Your copy of the data should leave out the images and match everything else exactly.
--- EXCERPTED RECORDS Enclosed Below ---
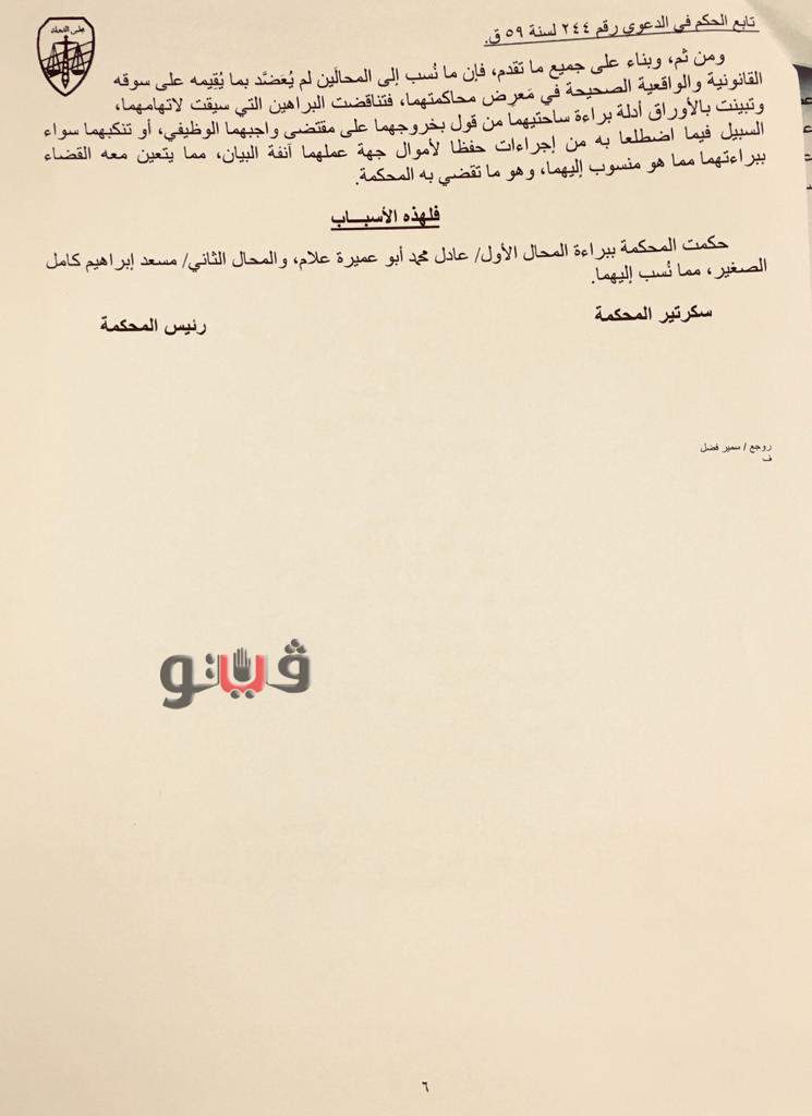 ومن ثم، فإن ما نُسب إلى المحالَين لم يُعَضَّد بما يُقِيمه على سوقه القانونية والواقعية الصحيحة في مَعرِض محاكمتهما، فتناقضت البراهين التي سيقت لاتهامهما، وتبينت بالأوراق أدلة براءة ساحتيهما من قول بخروجهما على مقتضى واجبهما الوظيفي، أو تنكبهما سواء السبيل فيما اضطلعا به من إجراءات حفظا لأموال جهة عملهما آنفة البيان، مما يتعين معه القضاء ببراءتهما مما هو منسوب إليهما، وهو ما تقضي به المحكمة، ولذلك قضت ببراءة المحال الأول عادل محمد علام، ومسعد إبراهيم كامل، مما نُسب إليهم
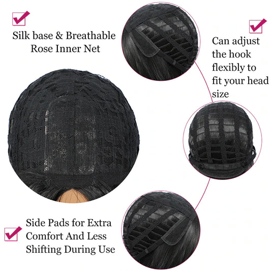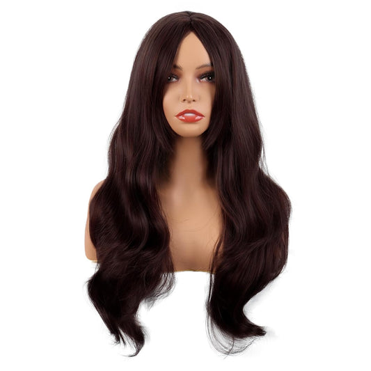 💇♀️ 26" Long Wavy Wig | Fashion Layered Curtain Bangs Synthetic Curly Hair
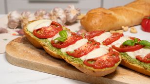 Chrupiąca bagietka, pesto domowej roboty, soczysty pomidor i kultowa mozzarella. Wszystko to znajdziesz w naszym przepisie dnia na trójkolorową bruschettę. Wystarczy dosłownie jeden kęs, aby zakochać się w niej na całe życie. Instrukcję krok po kroku znajdziesz w wideo. Listę składników publikujemy poniżej.
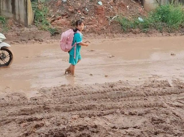 Video: Học sinh vất vả đến trường trên đường thi công dang dở
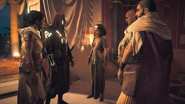 Cleopatra explains the Order of Ancients is responsible for her exile and for tearing her from the throne. They saw her brother Ptolemy as weak and easier to control. The civil war and strife in Egypt is their doing as they seek complete dominion over the lands. You assure her the Order have all been dispatched but Apollodorus explains the Snake has many heads and things are never so simple. You tell him the Snake is dead but he tells you the Snake is the Order itself and there are still many heads that survive. Cleopatra tells you she has informants spread across all the regions of Egypt and still they haven’t been able to touch the Order. They exist hidden among the populace. Shadowy figures that pluck the strings and make puppets of us all.
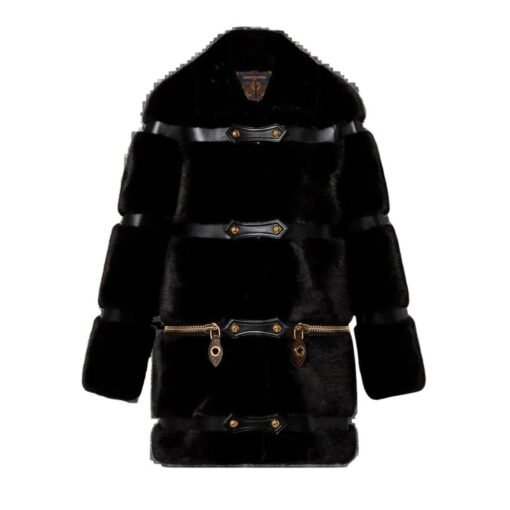 LOUIS VUITTON LEATHER STRIP BLACK MINK COAT
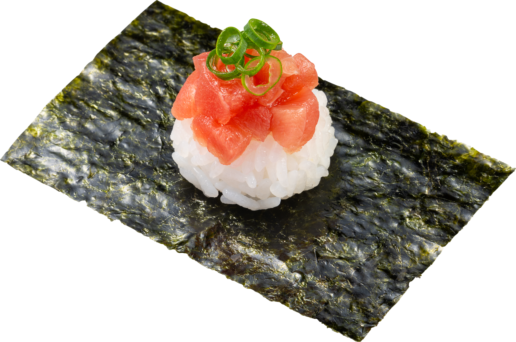 『天然まぐろ中とろアボたくのせ』一貫187円(税込)
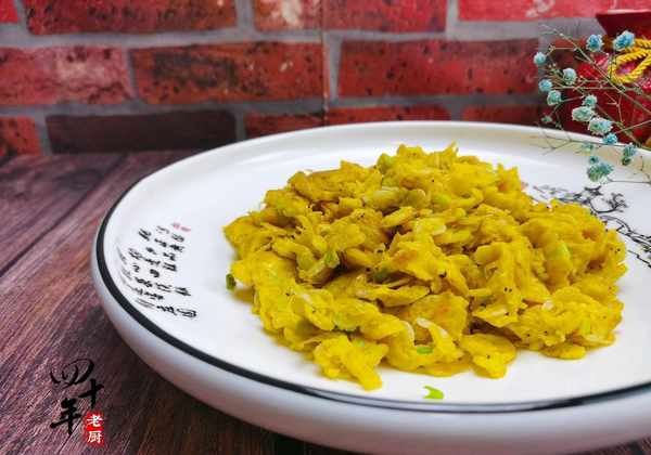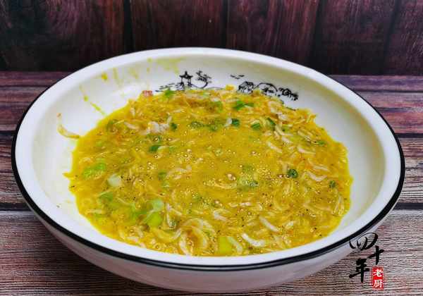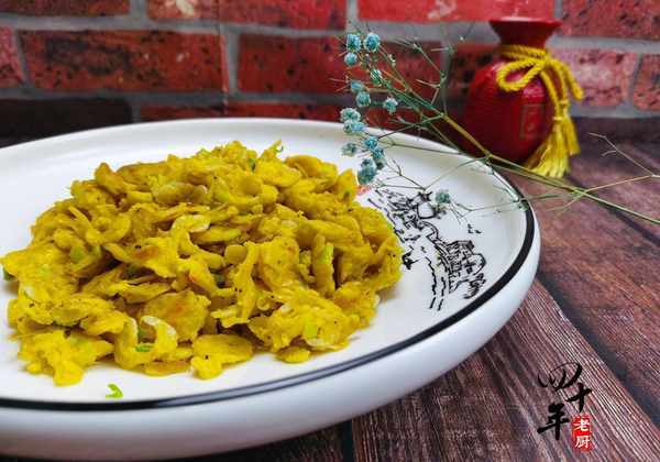 3.将铁锅放在炉子上煮半分钟,提高锅内温度。倒入30克植物油,抖动锅面,利用植物油的流动将锅面充分润湿。看到有少许油烟升起,立即倒入准备好的小葱和虾皮鹅蛋液,用手勺迅速撒散,翻炒至表面金黄,下鹅蛋、小葱和虾皮把皮从锅里拿出来,放在一个平板上。.媳妇怀孕了,婆婆常做这道菜,含钙量高,还能去胎毒,孙子生得漂亮。
--- End of Enclosed EXCERPTED RECORDS ---
• SOLUTION BELOW:
 ومن ثم، فإن ما نُسب إلى المحالَين لم يُعَضَّد بما يُقِيمه على سوقه القانونية والواقعية الصحيحة في مَعرِض محاكمتهما، فتناقضت البراهين التي سيقت لاتهامهما، وتبينت بالأوراق أدلة براءة ساحتيهما من قول بخروجهما على مقتضى واجبهما الوظيفي، أو تنكبهما سواء السبيل فيما اضطلعا به من إجراءات حفظا لأموال جهة عملهما آنفة البيان، مما يتعين معه القضاء ببراءتهما مما هو منسوب إليهما، وهو ما تقضي به المحكمة، ولذلك قضت ببراءة المحال الأول عادل محمد علام، ومسعد إبراهيم كامل، مما نُسب إليهم
 💇♀️ 26" Long Wavy Wig | Fashion Layered Curtain Bangs Synthetic Curly Hair
 Chrupiąca bagietka, pesto domowej roboty, soczysty pomidor i kultowa mozzarella. Wszystko to znajdziesz w naszym przepisie dnia na trójkolorową bruschettę. Wystarczy dosłownie jeden kęs, aby zakochać się w niej na całe życie. Instrukcję krok po kroku znajdziesz w wideo. Listę składników publikujemy poniżej.
 Video: Học sinh vất vả đến trường trên đường thi công dang dở
 Cleopatra explains the Order of Ancients is responsible for her exile and for tearing her from the throne. They saw her brother Ptolemy as weak and easier to control. The civil war and strife in Egypt is their doing as they seek complete dominion over the lands. You assure her the Order have all been dispatched but Apollodorus explains the Snake has many heads and things are never so simple. You tell him the Snake is dead but he tells you the Snake is the Order itself and there are still many heads that survive. Cleopatra tells you she has informants spread across all the regions of Egypt and still they haven’t been able to touch the Order. They exist hidden among the populace. Shadowy figures that pluck the strings and make puppets of us all.
 LOUIS VUITTON LEATHER STRIP BLACK MINK COAT
 『天然まぐろ中とろアボたくのせ』一貫187円(税込)
 3.将铁锅放在炉子上煮半分钟,提高锅内温度。倒入30克植物油,抖动锅面,利用植物油的流动将锅面充分润湿。看到有少许油烟升起,立即倒入准备好的小葱和虾皮鹅蛋液,用手勺迅速撒散,翻炒至表面金黄,下鹅蛋、小葱和虾皮把皮从锅里拿出来,放在一个平板上。.媳妇怀孕了,婆婆常做这道菜,含钙量高,还能去胎毒,孙子生得漂亮。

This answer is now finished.